Does this industry (to the extent that you can call AirBNB, Uber, and Twitter the same industry) really act like a flock of grackles or starlings, descending on a place, eating everything, and moving on?
This is causing rents to increase noticeably in nearly every major urban area. Couple that with relatively high pay for tech sector jobs that like to hire these younger folks and you get it even worse in SF, Seattle, etc.
[1] http://fivethirtyeight.com/features/why-millennials-are-less...
I know a number of people here who are praying for a tech crash so they can afford housing again.
I moved to Mountain View in 2009. In late 2008 (as the crisis was hitting the stock market, but before landlords had realized it would affect them), a realtor was showing me around, and I asked about a swanky corporate apartment complex we drove by. "Oh, that's out of your price range - they charge $2000+/month." I ended up living there for $1400/month in 2009-2010, then they started jacking up the rent. When I left in 2013, they turned around and rented it for $2700/month.
If art and culture are so valuable to us why are those who create these things so poor? Why do people cringe at buying an album for $9 but then spend $11 on a coffee and a biscuit?
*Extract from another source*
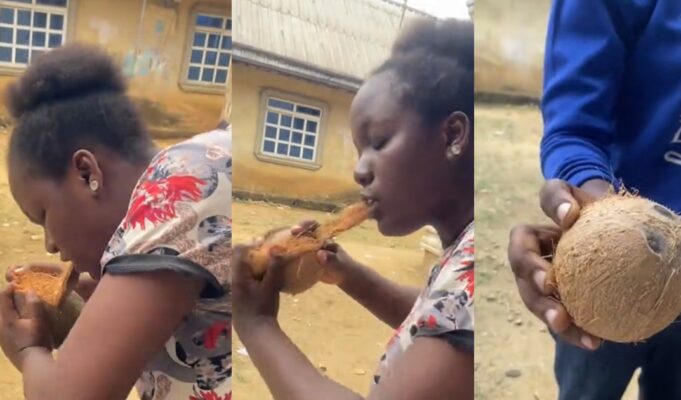 Lady stunned as her neighbor tears a coconut open using her teeth (Video)

But there is also artistry in creating a coffee or dining experience, and hopefully that money spent on the meal and coffee goes more to the chef artist who prepared the meal, the architect artist who designed the space, and the line cook, waitress and dishwasher.
If anything music is overvalued. I'm surprised we haven't automated Skrillex and all that house crap yet. ;-)
Why is a Picasso worth more than paint?
The artists shouldn't have balked at taking a class in economics.
I've seen quite a few people here wanting high-rise residential buildings in San Francisco to alleviate the high rents there. A skyscraper is at least 40 floors, according to wikipedia and one rule of thumb I've seen puts the construction time for them at 1 month per floor, from ground breaking to completion. That's about 4 years in construction, plus design and planning time, plus site acquisition. That's five, six years (more?), total, even in the most positive political atmosphere.
Someone who wanted to alleviate SF's high rents today, assuming you could do that by building high-rise apartment buildings, would had to have started at the height of the construction bust. That would be, I think, before San Francisco proper's tech boom, i.e. before there was a problem evident.
And if you started building one today,... Once upon a time, Intel planned to build a 10 story office building in downtown Austin. They stopped, with nothing but the structure of the building up, in 2001. The incomplete building was demolished in 2007.
Meanwhile, in the real world, if attitudes and policies were to start shifting, 15 to 20 years is probably a more realistic planning horizon.